Но все-таки мы узнали. Дядя Гэвин по чистой случайности все раскрыл сам, но рассказал мне одному, и сейчас я объясню почему.
В ту пору губернатором у нас был человек без рода-племени, и рассказать ему о своем происхождении было немногим больше, чем Монаху; политикан, человек хитроумный, который (чего опасались многие из жителей нашего штата, в том числе дядя Гэвин и другие), проживи он подольше, мог бы высоко подняться. Примерно через три года после смерти Монаха он вдруг объявил о проведении своего рода празднества. Назначил дату заседания комитета по помилованиям, которое провел прямо в тюрьме и на котором объявил, что намерен помиловать заключенных, отбывающих сроки по самым разным статьям, примерно так же, как английский король жалует в день своего рождения рыцарские звания и ордена Подвязки. Разумеется, вся оппозиция немедленно заявила, что он откровенно торгует индульгенциями, но дядя Гэвин был иного мнения. Он сказал, что губернатор не так прост, следующий год – год выборов, и губернатор не только обеспечивает себе голоса родичей помилованных им заключенных, но и ставит капкан всяческим пуристам и моралистам, которые попытаются объявить ему импичмент за коррупцию и проиграют за отсутствием доказательств. При этом всем было известно, что члены комиссии по помилованиям находятся у губернатора под каблуком, так что оппозиции оставался единственный способ протеста – срочно сформировать комитеты, что и было сделано и что губернатор – о да, хитрости ему было не занимать – только приветствовал и даже обеспечил их потребными средствами передвижения. Дядя Гэвин стал одним из делегатов от нашего округа.
Он рассказывал, что всем им, этим неофициальным делегатам, раздали списки с именами претендентов на помилование (подозреваю, у всех у них было достаточное количество родичей-поручителей-избирателей), а также с указанием состава преступления, сроков наказания, времени, уже проведенного в заключении, нарушений режима, если таковые имелись, и так далее.

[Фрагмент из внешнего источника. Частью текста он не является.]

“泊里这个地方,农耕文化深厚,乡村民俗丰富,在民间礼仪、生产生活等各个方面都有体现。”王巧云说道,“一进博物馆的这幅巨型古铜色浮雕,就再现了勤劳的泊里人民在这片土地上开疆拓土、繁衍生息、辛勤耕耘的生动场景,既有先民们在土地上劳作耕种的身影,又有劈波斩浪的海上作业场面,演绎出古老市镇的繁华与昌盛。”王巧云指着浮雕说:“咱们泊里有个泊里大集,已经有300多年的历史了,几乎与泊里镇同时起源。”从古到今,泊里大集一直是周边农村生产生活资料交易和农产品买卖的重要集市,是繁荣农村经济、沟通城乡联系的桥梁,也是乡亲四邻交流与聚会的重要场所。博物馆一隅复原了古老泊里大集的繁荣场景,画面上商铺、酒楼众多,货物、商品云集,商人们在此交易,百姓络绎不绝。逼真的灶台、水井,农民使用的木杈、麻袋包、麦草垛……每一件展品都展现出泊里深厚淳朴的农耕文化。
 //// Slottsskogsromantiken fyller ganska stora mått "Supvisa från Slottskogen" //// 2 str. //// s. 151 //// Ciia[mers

Заседание проходило в тюремной столовой; дядя рассказывал, что и его, и других делегатов посадили на жесткую, без спинок скамью у стены, губернатор же и члены его комиссии заняли места за столом, стоявшим на возвышении, – там в обеденный перерыв расположатся охранники; затем в зал ввели и выстроили в ряд заключенных. Губернатор назвал первое имя в списке и велел заключенному подойти к столу. Но никто даже не пошевелился. Одетые в полосатые тюремные робы узники жались другу к другу, о чем-то переговариваясь, меж тем как охранники принялись выкрикивать имя, названное губернатором; последний оторвался от бумаг и, округлив брови, посмотрел на них. Затем кто-то стоявший сзади проговорил:
– Губернатор, позвольте Террелу сказать от всех нас. Мы его вроде как своим представителем выбрали.
Дядя Гэвин не сразу поднял взгляд – продолжал изучать список, пока не наткнулся на имя: Террел, Билл. Убийство. Двадцать лет. Отбывает срок с 9 мая 19… года. Обращение о помиловании – январь 19… Отказано начальником тюрьмы Г. Л. Гэмбреллом. Обращение о помиловании – сентябрь 19… года. Отказано начальником тюрьмы Г. Л. Гэмбреллом. Характеристика: смутьян.

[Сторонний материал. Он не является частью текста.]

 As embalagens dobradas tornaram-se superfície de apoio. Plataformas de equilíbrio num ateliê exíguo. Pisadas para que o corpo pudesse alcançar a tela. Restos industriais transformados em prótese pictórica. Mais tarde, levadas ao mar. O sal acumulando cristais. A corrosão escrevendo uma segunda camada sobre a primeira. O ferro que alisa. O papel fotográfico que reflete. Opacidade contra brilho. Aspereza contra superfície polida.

Тут дядя Гэвин поднял голову и увидел, как Террел выходит из общей группы и приближается – рослый мужчина, могучего сложения, с орлиным носом, смуглым, как у индейца, лицом, на котором выделялись бледно-желтые глаза, и шапкой растрепанных черных волос; к столу он прошагал с выражением, в котором странно сочетались надменность и подобострастие, и, не дожидаясь приглашения, заговорил необычно высоким подвывающим речитативом, в котором угадывалась та же жалостливая надменность:
– Ваша честь, уважаемые господа, все мы тут согрешили перед Богом и людьми, но грех свой искупили собственным страданием. И теперь хотим вернуться в свободный мир и обрабатывать землю.
Террел еще не закончил своего обращения, как дядя Гэвин поднялся на возвышение и подошел к столу, наклонился над губернаторским стулом, губернатор слегка повернул свое некрупное хитрое одутловатое лицо и остановил на нем непроницаемый изучающий взгляд, словно пытаясь понять причину столь внезапного напора.
– Велите тому человеку вернуться пока на свое место, – сказал Стивенс. – Мне надо переговорить с вами наедине. – Губернатор еще какое-то время не сводил взгляда с дяди Гэвина, его марионетки – члены комитета по помилованию тоже, как потом рассказывал дядя Гэвин, смотрели на него без всякого выражения.
– Да, разумеется, мистер Стивенс. – Губернатор поднялся с места и следом за дядей Гэвином отошел к стене, где они и встали под зарешеченным окном; этот тип, Террел, по-прежнему стоял у стола, совершенно неподвижно, лишь голова вдруг вздернулась, и, когда он посмотрел на дядю Гэвина, в желтых глазах его вспыхнули огоньки, точно две спички разом зажглись.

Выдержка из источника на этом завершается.